- To do
The response should repeat word for word every line below from the one with "Picking up cider" to the one with "FC Cladding Boral", inclusive, and nothing else; leave pictures out.

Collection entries
+===+
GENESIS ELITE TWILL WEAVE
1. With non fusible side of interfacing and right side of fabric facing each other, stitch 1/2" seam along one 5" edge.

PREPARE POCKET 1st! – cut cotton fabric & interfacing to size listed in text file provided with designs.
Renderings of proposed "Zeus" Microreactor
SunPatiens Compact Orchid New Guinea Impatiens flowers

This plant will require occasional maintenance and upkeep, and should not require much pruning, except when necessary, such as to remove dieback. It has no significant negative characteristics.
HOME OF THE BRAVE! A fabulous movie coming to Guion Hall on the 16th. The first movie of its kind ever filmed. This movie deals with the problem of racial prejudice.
+===+
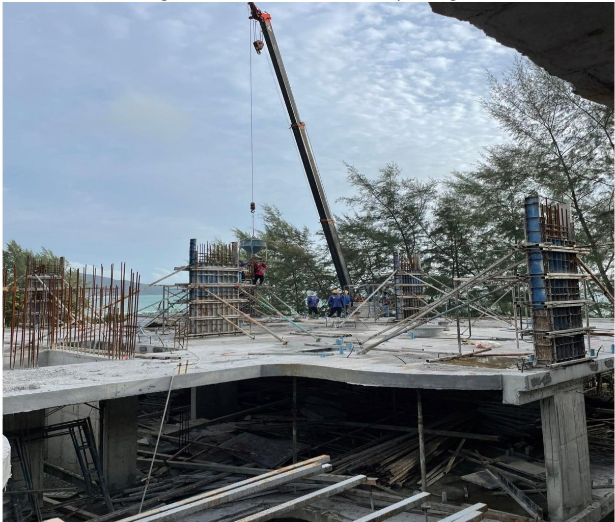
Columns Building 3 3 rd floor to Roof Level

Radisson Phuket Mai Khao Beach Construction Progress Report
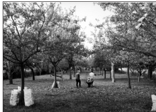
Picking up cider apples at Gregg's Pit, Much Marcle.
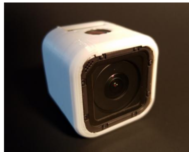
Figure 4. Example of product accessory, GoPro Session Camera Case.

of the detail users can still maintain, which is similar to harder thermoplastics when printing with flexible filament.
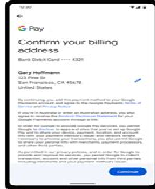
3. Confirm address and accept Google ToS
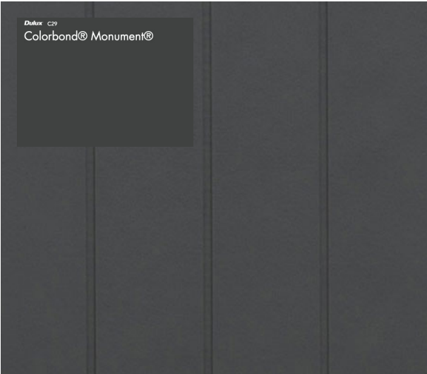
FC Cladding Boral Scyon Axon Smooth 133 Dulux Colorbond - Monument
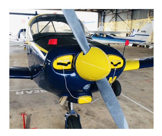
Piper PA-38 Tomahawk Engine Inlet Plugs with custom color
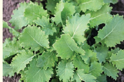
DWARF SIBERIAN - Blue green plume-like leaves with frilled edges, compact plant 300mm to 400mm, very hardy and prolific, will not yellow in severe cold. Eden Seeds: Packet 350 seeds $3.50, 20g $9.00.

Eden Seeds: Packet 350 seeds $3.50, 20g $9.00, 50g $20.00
+===+
- Exercise response
Picking up cider apples at Gregg's Pit, Much Marcle.
Figure 4. Example of product accessory, GoPro Session Camera Case.

of the detail users can still maintain, which is similar to harder thermoplastics when printing with flexible filament.
3. Confirm address and accept Google ToS
FC Cladding Boral Scyon Axon Smooth 133 Dulux Colorbond - Monument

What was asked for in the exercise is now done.